Après son rétablissement, celui qui a toujours écrit, notamment des coups de gueule politique, entreprend de rédiger un livre sur la dépression. « Je voulais présenter le point de vue d’un homme, parler des préjugés et, aussi et surtout, d’espoir », commente l’homme qui avoue que cette difficile tranche de vie l’a rendue plus solide.

Dans les premiers chapitres de Maintenant, ma vie prend racine, on peut lire le journal intime que tenait Serge Larochelle pendant qu’il taquinait la mort. « J’ai mis l’accent là-dessus parce que je veux que les lecteurs comprennent à quel point on est obnubilé par les idées noires pendant ces périodes ». Ces chapitres-là ne sont pas destinés aux gens en dépression « ils n’auront pas envie de lire cela » ajoute-t-il, mais plutôt à leur entourage afin qu’il ne sous-estime pas l’ampleur de la détresse inhérente à la dépression.

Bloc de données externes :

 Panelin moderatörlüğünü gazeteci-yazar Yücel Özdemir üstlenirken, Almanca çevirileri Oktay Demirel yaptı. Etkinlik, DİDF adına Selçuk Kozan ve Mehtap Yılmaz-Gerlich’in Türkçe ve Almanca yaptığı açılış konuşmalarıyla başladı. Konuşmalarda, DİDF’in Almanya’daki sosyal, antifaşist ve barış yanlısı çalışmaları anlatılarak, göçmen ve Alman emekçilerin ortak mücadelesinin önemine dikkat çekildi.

La deuxième partie du livre, dont la troisième édition paraîtra sous peu, contient des trucs, des conseils et des messages d’espoir tant pour les dépressifs que leurs proches. « Malgré l’ampleur du désespoir, à un certain stade on arrive à croire qu’il peut y avoir autre chose », admet l’auteur.

 

« Il y a une vie après la dépression…»

 

Après la publication de son livre, Serge Larochelle réalise qu’il y a plus à dire et conçoit une conférence, Il y a une vie après la dépression, qu’il offre sur demande. « Je voulais insister sur le comment on se sent en dépression et comment aider les gens dépressifs. L’entourage ne sait vraiment pas quoi faire, ni comment », témoigne en connaissance de cause le conférencier. Son auditoire est varié (voir encadré), tout comme les conseils qu’il donne, qui sont basés sur son expérience personnelle. « Premier conseil : dès que vous sentez des symptômes apparentés à la dépression, consultez ! » insiste-t-il. L’échange avec le public met de l’avant des préoccupations récurrentes. « Quand des gens me disent qu’ils ne veulent rien savoir de la médication, je réponds qu’il vaut mieux prendre des antidépresseurs que de se retrouver à la morgue ».

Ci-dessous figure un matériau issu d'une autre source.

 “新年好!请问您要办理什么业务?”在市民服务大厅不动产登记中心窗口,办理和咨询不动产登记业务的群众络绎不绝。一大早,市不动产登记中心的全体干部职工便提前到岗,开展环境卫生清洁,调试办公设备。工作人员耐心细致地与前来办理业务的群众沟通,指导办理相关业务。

La médication, qui peut être un traitement temporaire, est un support essentiel selon lui. Enfin, ses conférences servent à semer l’espoir. « Je fais ce que j’aime. Les conférences. Les livres. Maintenant, ça va bien… et je dois le dire ! » Pour obtenir plus d’informations sur le livre et la conférence de Serge Larochelle www.sergelarochelle.com

 

LES GARS N’ONT PAS LE DROIT D’ÊTRE FAIBLES

« Je suis allé donner une conférence dans une usine de fabrication de fenêtre. Avant que je commence mon allocution, un homme est venu me dire que, lui, ‘’ il ne ferait jamais de dépression ». Je lui réponds qu’il est chanceux, mais je ne peux m’empêcher de lui demander pourquoi il peut affirmer ça. « Parce que je suis un vrai gars », m’a-t-il répondu. À la fin de la conférence, le vrai gars est venu acheter mon livre, mais m’a fait jurer de ne le dire à personne… Les gars sont trop fiers, ils n’ont pas le droit d’être faibles ».